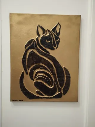 Opera d'arte raffigurante un gatto stilizzato, realizzata con la tecnica dello stucco su tela. - Tecnica: Stucco su tela - Colori: Oro e nero - Soggetto: Gatto 50x40
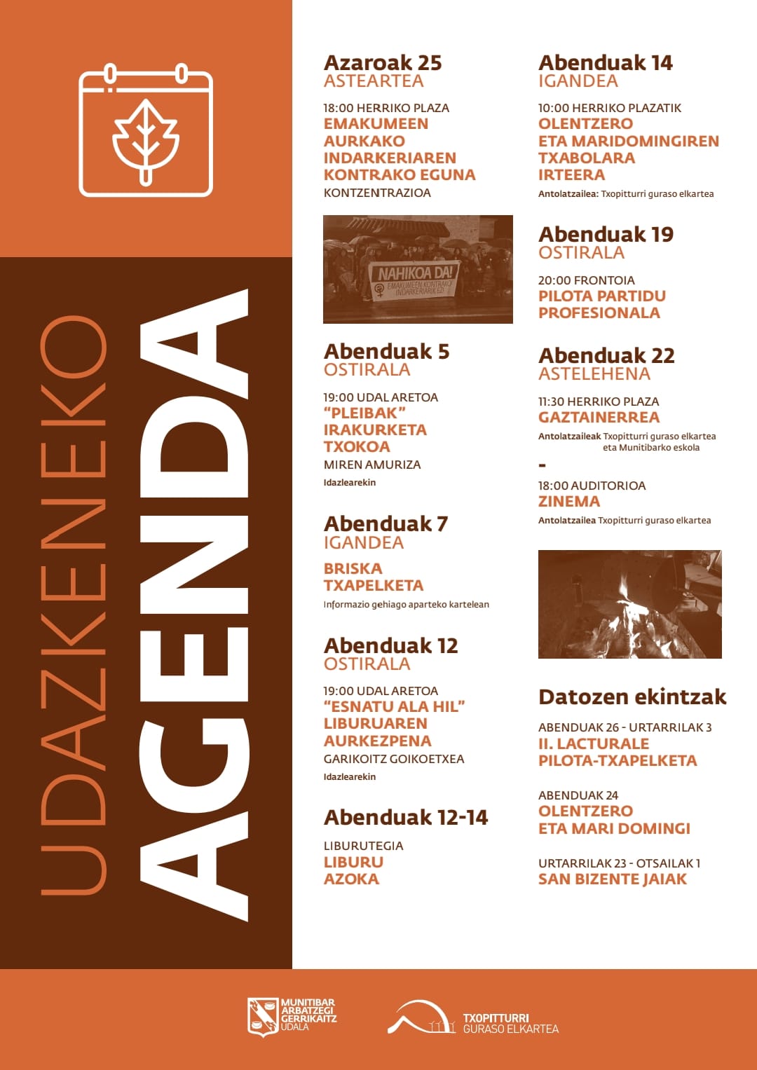 Orain dela urte batzuk hasi ziren agenda bateratuak ateratzen: udazkenean, neguan eta udaberrian. Herriko eragile edo elkarte desberdinek antolatzen dituzten ekintzak bateratzeko asmoagaz. “Herritarrek herrian dauden ekintza guztiak modu ordenatu eta argi batetan izan ditzaten. Gainera gure arteko elkarlana bultzatzeko eta indartzeko modu egokia dela iruditzen zaigu, komunikazioa hobetuz”, esan dute.
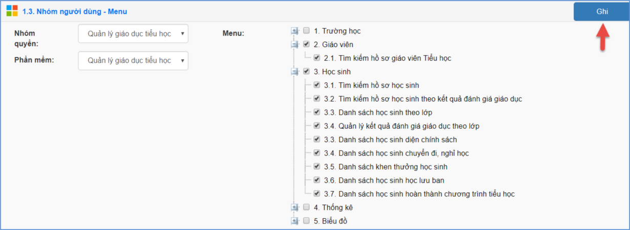 Mô tả: Chức năng này hỗ trợ Bộ GDĐT phân quyền từng chức năng chi tiết cho nhóm người dùng theo các menu có trên phần mềm.

### Your objective
Transcribe all the data word for word; the images stay out.

### Reply to the exercise
 Opera d'arte raffigurante un gatto stilizzato, realizzata con la tecnica dello stucco su tela. - Tecnica: Stucco su tela - Colori: Oro e nero - Soggetto: Gatto 50x40
 Orain dela urte batzuk hasi ziren agenda bateratuak ateratzen: udazkenean, neguan eta udaberrian. Herriko eragile edo elkarte desberdinek antolatzen dituzten ekintzak bateratzeko asmoagaz. “Herritarrek herrian dauden ekintza guztiak modu ordenatu eta argi batetan izan ditzaten. Gainera gure arteko elkarlana bultzatzeko eta indartzeko modu egokia dela iruditzen zaigu, komunikazioa hobetuz”, esan dute.
 Mô tả: Chức năng này hỗ trợ Bộ GDĐT phân quyền từng chức năng chi tiết cho nhóm người dùng theo các menu có trên phần mềm.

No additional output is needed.